Category: Engagement With Business
Location: Guayaquil, Guayas, Ecuador
Accreditation Status: Business
Industrial Studies—A Collaborative Initiative
To strengthen ties with the local Ecuadorian business community, ESPAE developed Industrial Studies, a new, applied research outlet that fosters collaboration between researchers and business by producing industry-specific reports.
Call to Action
The school is continuously searching for new ways to strengthen the link with the local business community. During 2015, the school sought to readdress the impact of the faculty’s research in the business community. In one of the meetings with the school’s advisory board, one of the board members suggested a new outlet specifically oriented to the private sector. The board believed that standard academic research outlets (i.e., papers) were not sufficiently consulted by the Ecuadorian business community, and thus specific outlets should be designed.
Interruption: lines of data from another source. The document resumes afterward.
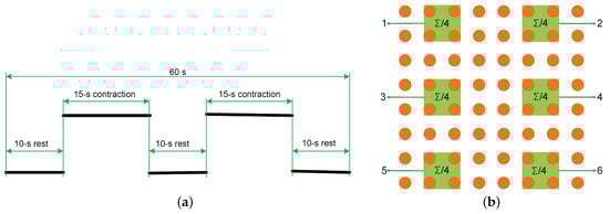 (a) Scheme of the measurement protocol. (b) Six subsets of electrodes employed to generate six electromyogram (EMG) signals.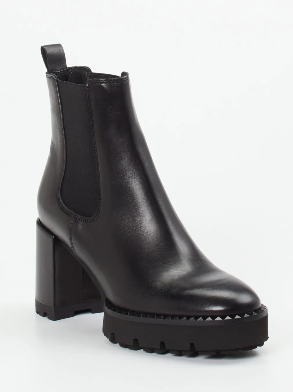 Modernes Understatement mit Profil.Kennel & Schmenger präsentiert elegante Chelsea Boots für Damen. Für stilvolle City-Alltage bieten die schwarzen Boots aus hochwertigem, glänzendem Kalbleder markante Akzente. Die knöchelhohe, schmal zulaufende Form mit tonigem Elastik-Einsatz und Zuglasche ermöglicht leichtes Anziehen und eine klare Silhouette. Die profilierte Gummisohle mit gezahnter Plateau-Kante und 7 cm hohem Blockabsatz sorgt für einen kraftvollen Auftritt – inspiriert vom Chunky-Trend und dennoch ruhig im Ausdruck. Kombiniert mit einem Wollmantel entsteht ein ausgewogener Streetstyle-Look. Ein Modell, das klare Linien mit femininer Stärke vereint – stilprägend mit Statement-Charakter.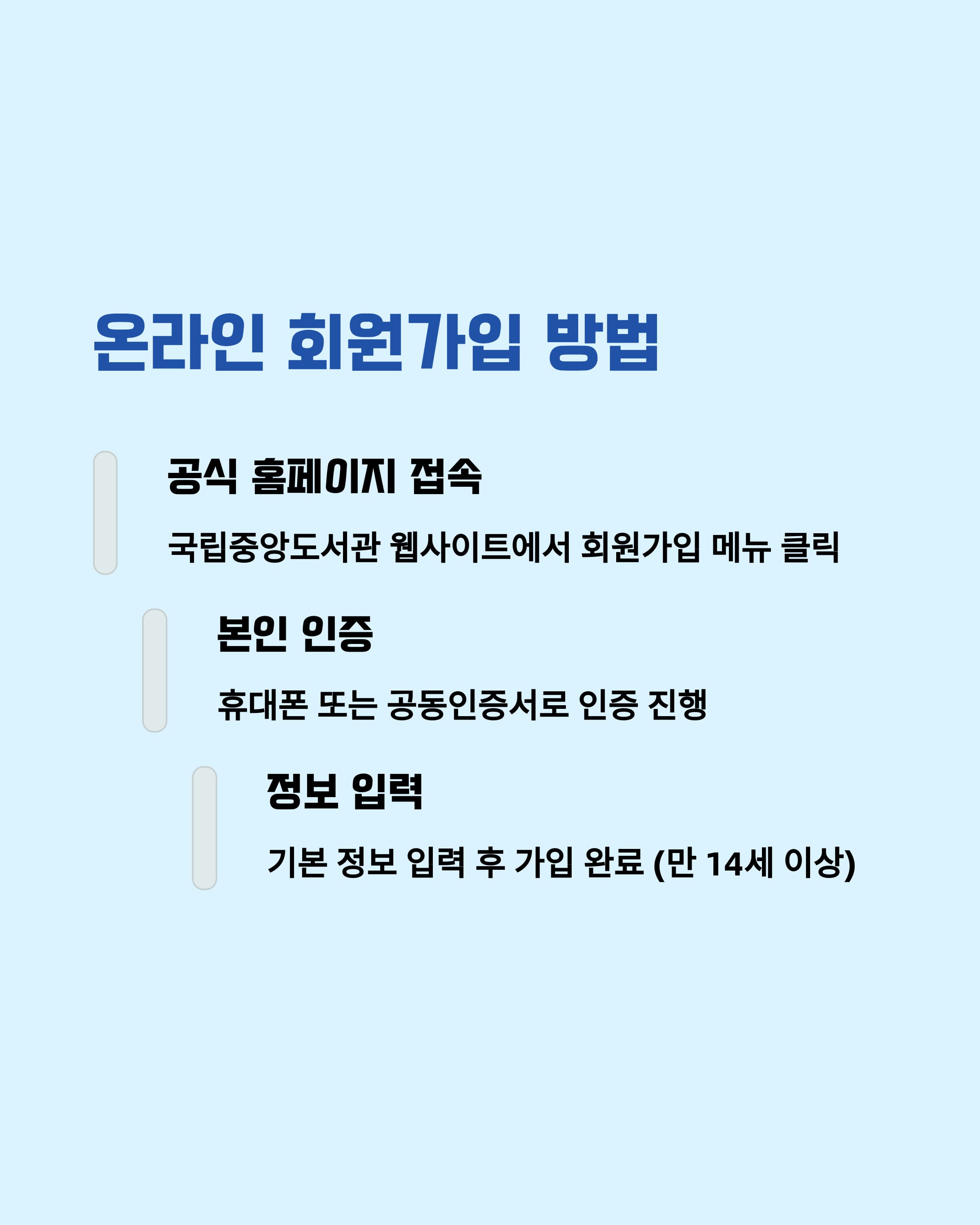 국립중앙도서관의 온라인 회원가입은 공식 홈페이지에서 간단히 가능합니다.

In particular, there is a need in the country for industry-specific reports that are currently provided exclusively from large consulting firms, which typically are very costly and thus inaccessible for small- and medium-sized enterprises (SMEs) or entrepreneurs.
Regarding implementation, the school looked for innovative models for the new outlet. Businesspeople were to be involved in different stages of the elaboration. There was an extensive discussion regarding the financial model: Should the school charge for these reports, for example via a subscription model? Or should we look for specific sponsors? Given the importance of generating significant impact, the school chose an open-distribution model with a sponsor. Choosing the sponsor was also challenging: it needed to be a firm that would not affect the neutrality of the report (e.g., a pharmaceutical firm should not sponsor a pharmaceutical industry study).
Industrial Studies is a series of reports, each of them devoted to a specific industry. Each report (around 40 pages) includes a general outlook of the industry, specific industry factors, special focus (that includes something relevant to the sector), strategic industrial analysis, and sustainability sections. This last section analyzes the industry regarding the United Nation’s Sustainable Development Goals, identifying weaknesses and strategies to tackle them. There is also a “Vision” sector, with a general perspective of the industry from the point of view of an expert.
During the pilot phase, which was developed during 2015, the first two reports were prepared: pharmaceutical industry and tourism. The pilot phase was funded exclusively by the school. After this initial phase, the school searched for a sponsor and chose Fidesbur, a local tax and accounting consulting firm—founded by two alumni.
The elaboration process is very collaborative: there is a unit at the school composed by a senior researcher and two research assistants. This unit writes the first draft that is presented to a select group of stakeholders of the respective industry—businessmen, government, chambers, and so on. In a working lunch, they review the draft, suggest improvements, and recommend the special focus. Afterward, the unit prepares the second draft and invites a specific faculty member or businessperson to write the “Vision” section.
During 2016, five reports were completed and reports for 2017 are underway. An event is also being planned for early 2017 to present results from the studied industries to respective stakeholders.
Industrial Studies has had significant impact in strengthening links with the private sector. There have been seven working lunches, each with 15 prominent business representatives that have allowed the school to increase its relevance in the community. Some of the attendees have later become closer to the school, participating in other events, as well as members of advisory councils.
The reports have had an important influence in the media. As of October 2016, there were more than 8,000 interactions with the five reports that are available online. Several of them have also been reported in local press articles. Every report is distributed to faculty, students, alumni, chambers, and international organizations (Inter-American Development Bank, World Bank, etc.).
The school also anticipates significant impact on teaching and research: it aims to have the Industrial Studies report as part of consulting materials for some of the courses and as input for faculty research.